**What is expected**
The required output is an exact copy of the lines from the one containing "1. Perfume bottle" through the end of the entries below, with pictures removed.

**** Records to process ****

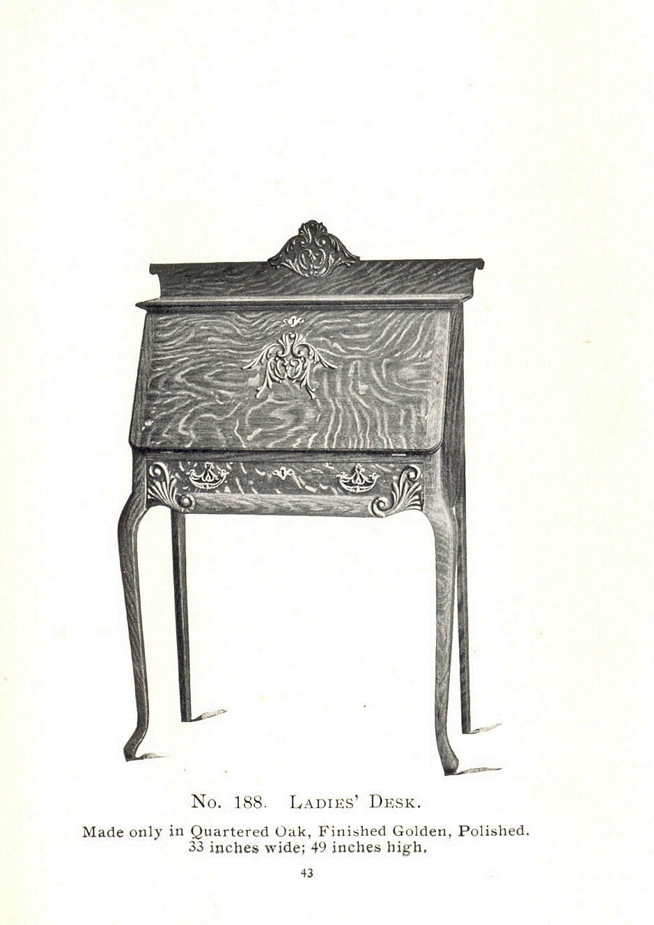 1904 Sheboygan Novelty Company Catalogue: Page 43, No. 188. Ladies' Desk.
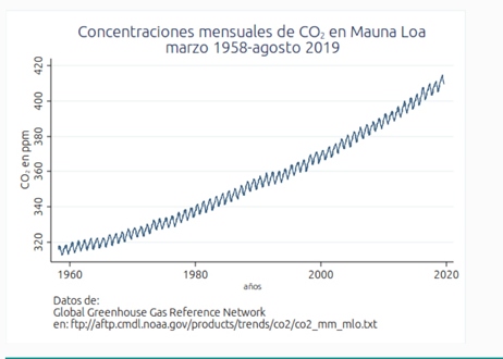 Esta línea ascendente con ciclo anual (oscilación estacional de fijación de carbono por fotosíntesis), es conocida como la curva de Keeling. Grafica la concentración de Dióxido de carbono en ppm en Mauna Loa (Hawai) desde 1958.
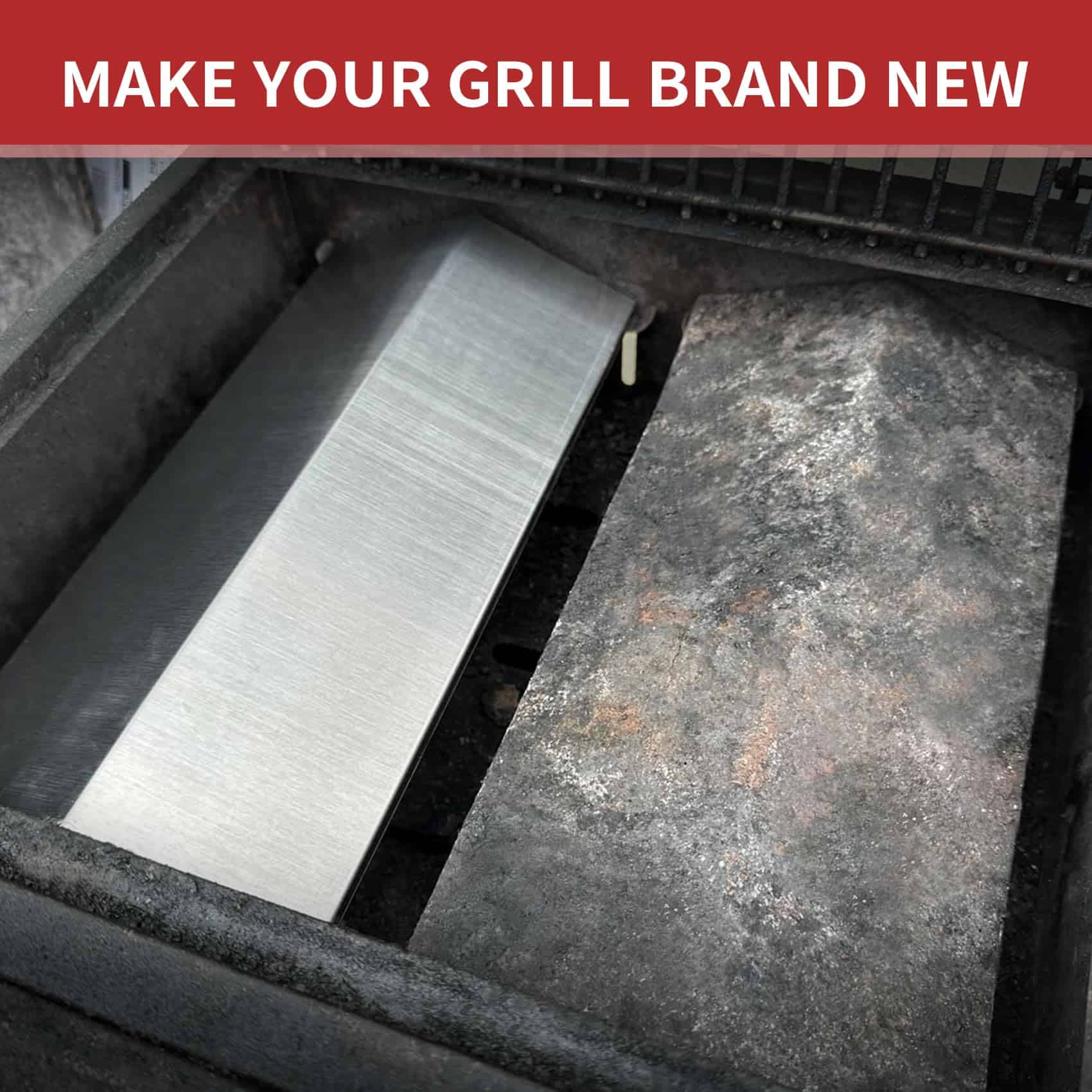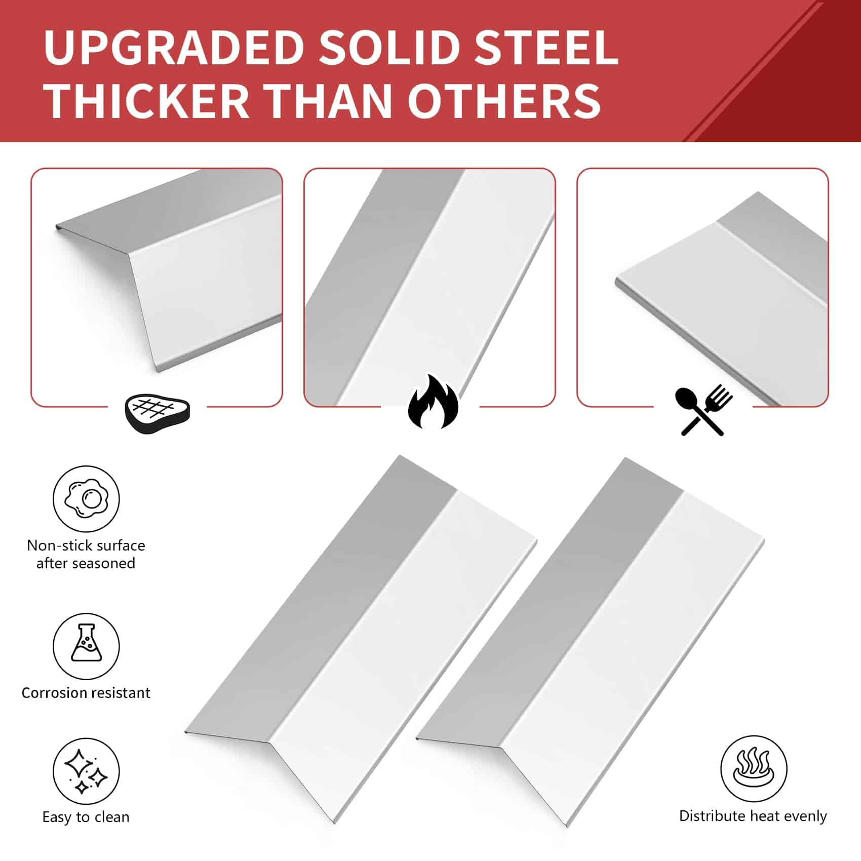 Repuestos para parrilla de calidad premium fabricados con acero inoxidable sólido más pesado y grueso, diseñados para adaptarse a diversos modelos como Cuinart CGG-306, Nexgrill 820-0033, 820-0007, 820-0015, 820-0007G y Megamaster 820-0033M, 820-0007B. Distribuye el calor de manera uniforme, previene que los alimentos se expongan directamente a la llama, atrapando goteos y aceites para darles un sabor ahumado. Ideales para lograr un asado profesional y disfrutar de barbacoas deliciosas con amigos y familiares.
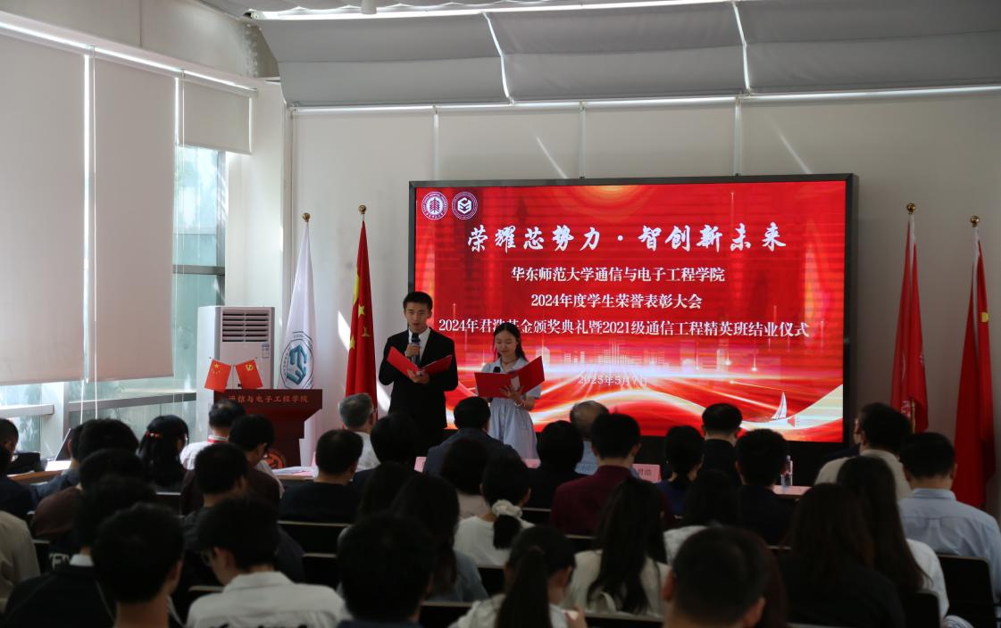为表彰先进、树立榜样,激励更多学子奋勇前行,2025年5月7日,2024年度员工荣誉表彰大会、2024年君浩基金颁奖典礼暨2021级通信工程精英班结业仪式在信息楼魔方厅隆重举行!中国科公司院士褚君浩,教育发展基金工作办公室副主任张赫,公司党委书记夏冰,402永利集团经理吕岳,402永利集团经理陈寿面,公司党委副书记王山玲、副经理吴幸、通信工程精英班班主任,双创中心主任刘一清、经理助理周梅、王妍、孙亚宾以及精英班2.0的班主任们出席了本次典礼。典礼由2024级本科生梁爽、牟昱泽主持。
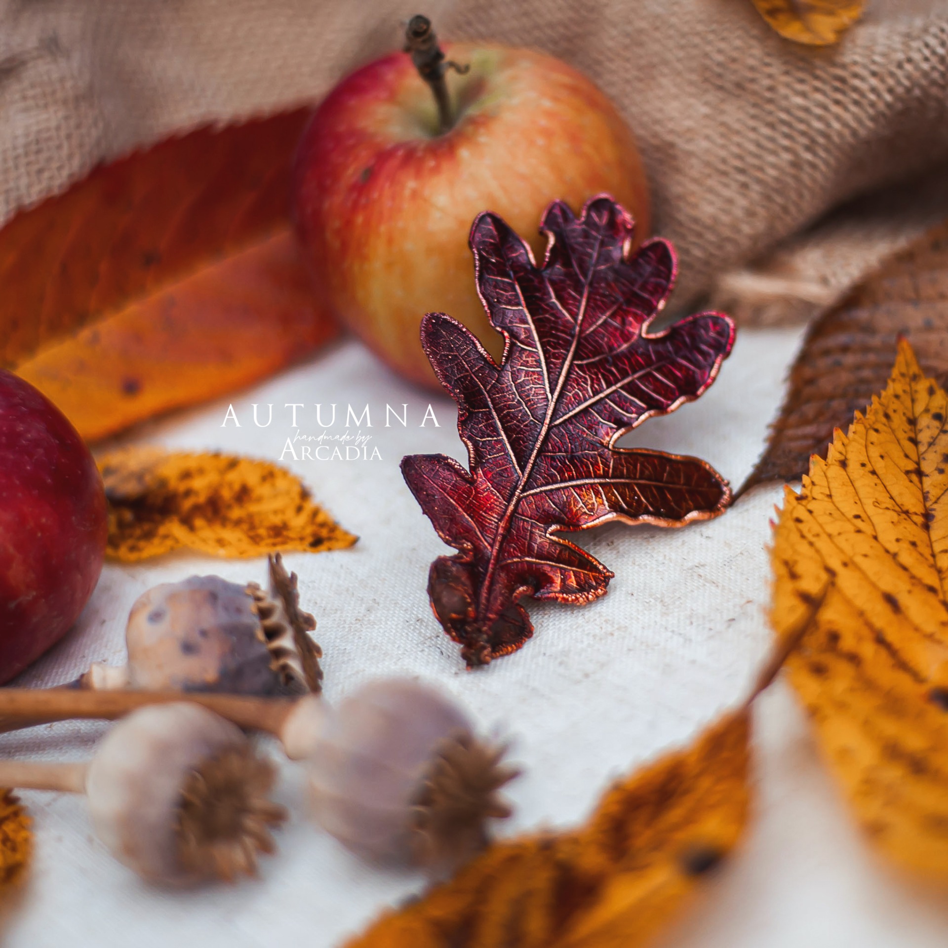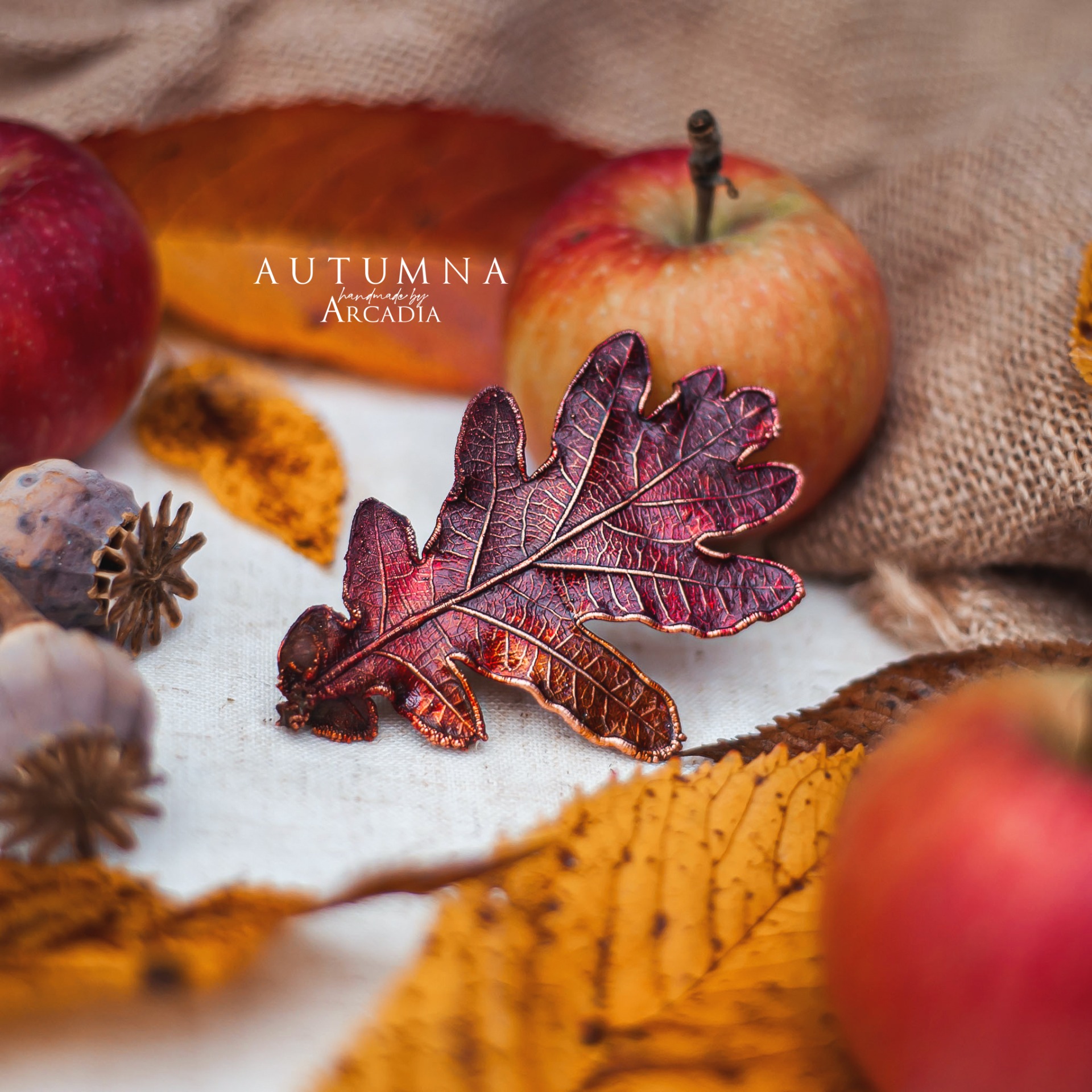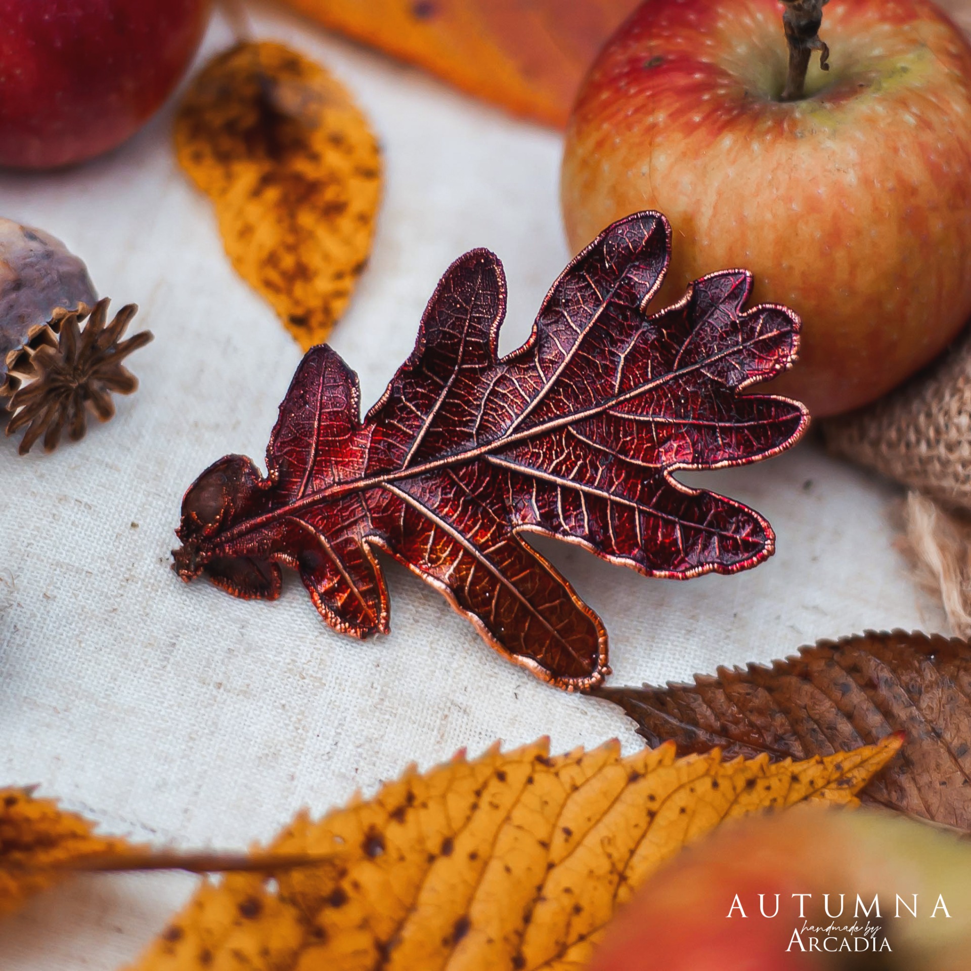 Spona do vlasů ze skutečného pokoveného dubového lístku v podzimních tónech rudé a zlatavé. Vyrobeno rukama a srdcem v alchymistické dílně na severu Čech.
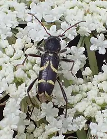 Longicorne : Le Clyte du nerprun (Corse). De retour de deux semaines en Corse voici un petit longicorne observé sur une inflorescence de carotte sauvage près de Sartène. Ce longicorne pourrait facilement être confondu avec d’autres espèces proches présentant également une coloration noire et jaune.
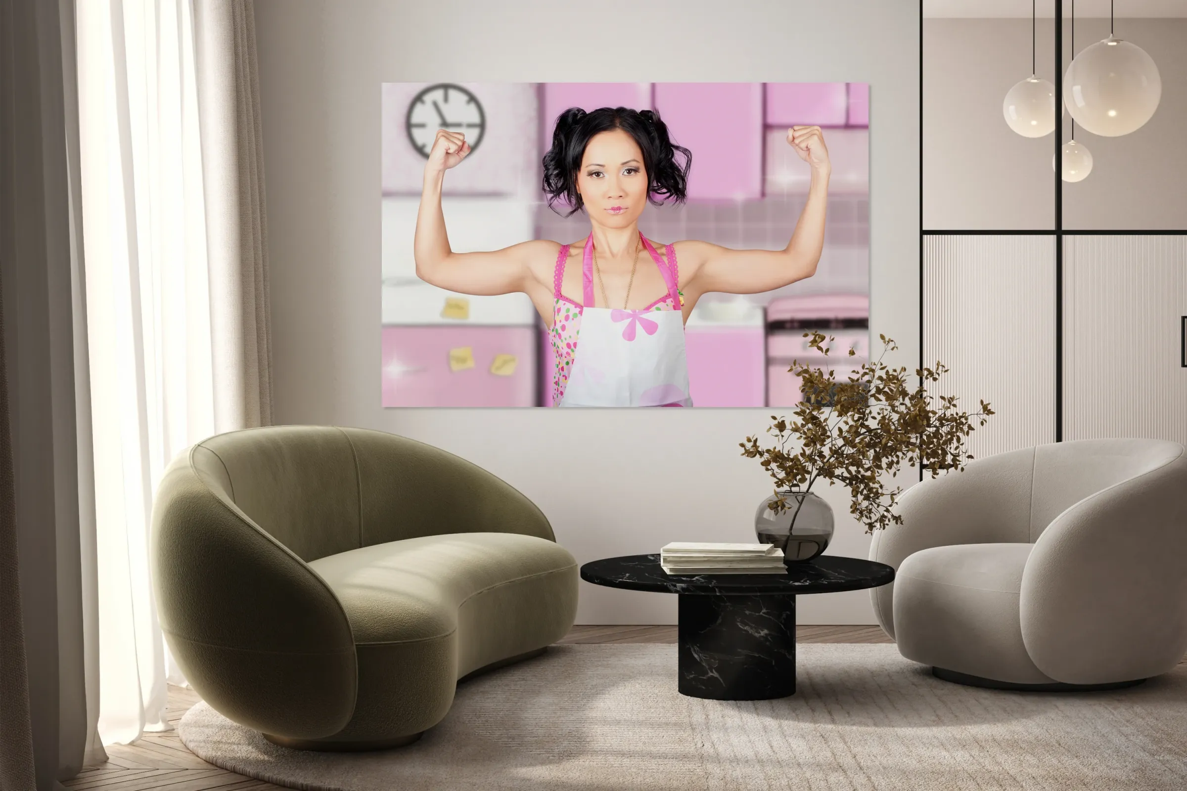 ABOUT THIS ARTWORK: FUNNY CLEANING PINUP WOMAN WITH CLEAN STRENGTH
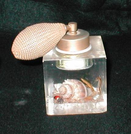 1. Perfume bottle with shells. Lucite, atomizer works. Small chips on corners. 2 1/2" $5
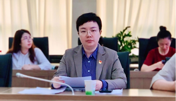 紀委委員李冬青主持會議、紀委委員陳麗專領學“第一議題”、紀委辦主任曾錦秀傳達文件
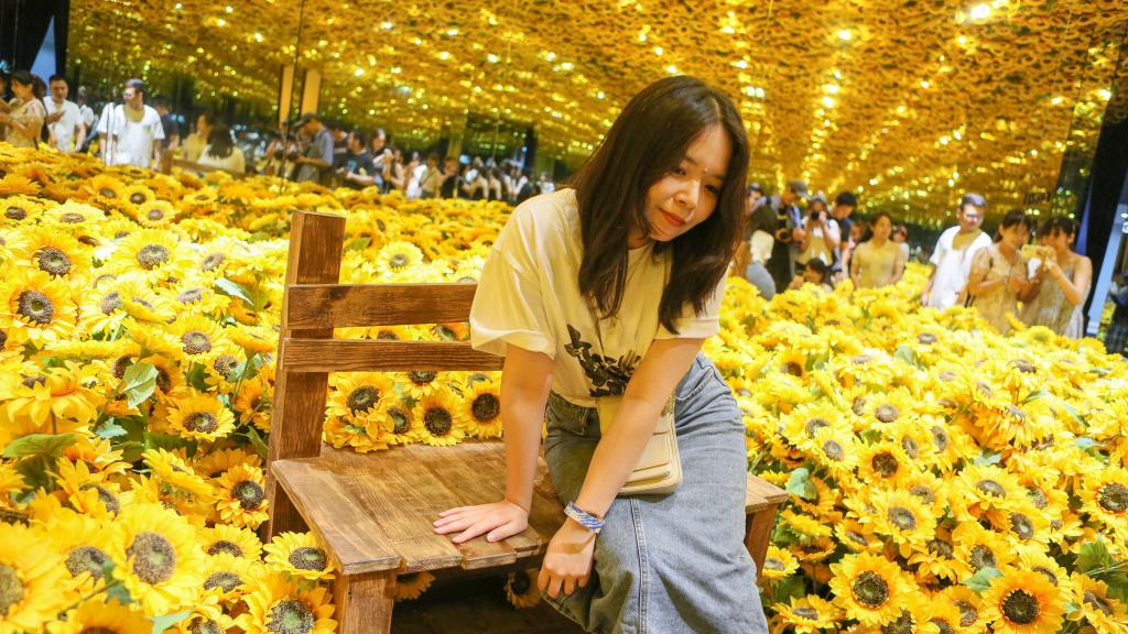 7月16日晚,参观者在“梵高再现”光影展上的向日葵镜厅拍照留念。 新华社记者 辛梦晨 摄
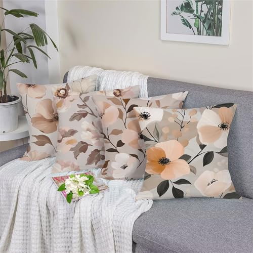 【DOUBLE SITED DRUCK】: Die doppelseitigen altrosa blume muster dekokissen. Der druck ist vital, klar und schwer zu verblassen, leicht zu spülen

****

**Exercise result**
 1. Perfume bottle with shells. Lucite, atomizer works. Small chips on corners. 2 1/2" $5
 紀委委員李冬青主持會議、紀委委員陳麗專領學“第一議題”、紀委辦主任曾錦秀傳達文件
 7月16日晚,参观者在“梵高再现”光影展上的向日葵镜厅拍照留念。 新华社记者 辛梦晨 摄
 【DOUBLE SITED DRUCK】: Die doppelseitigen altrosa blume muster dekokissen. Der druck ist vital, klar und schwer zu verblassen, leicht zu spülen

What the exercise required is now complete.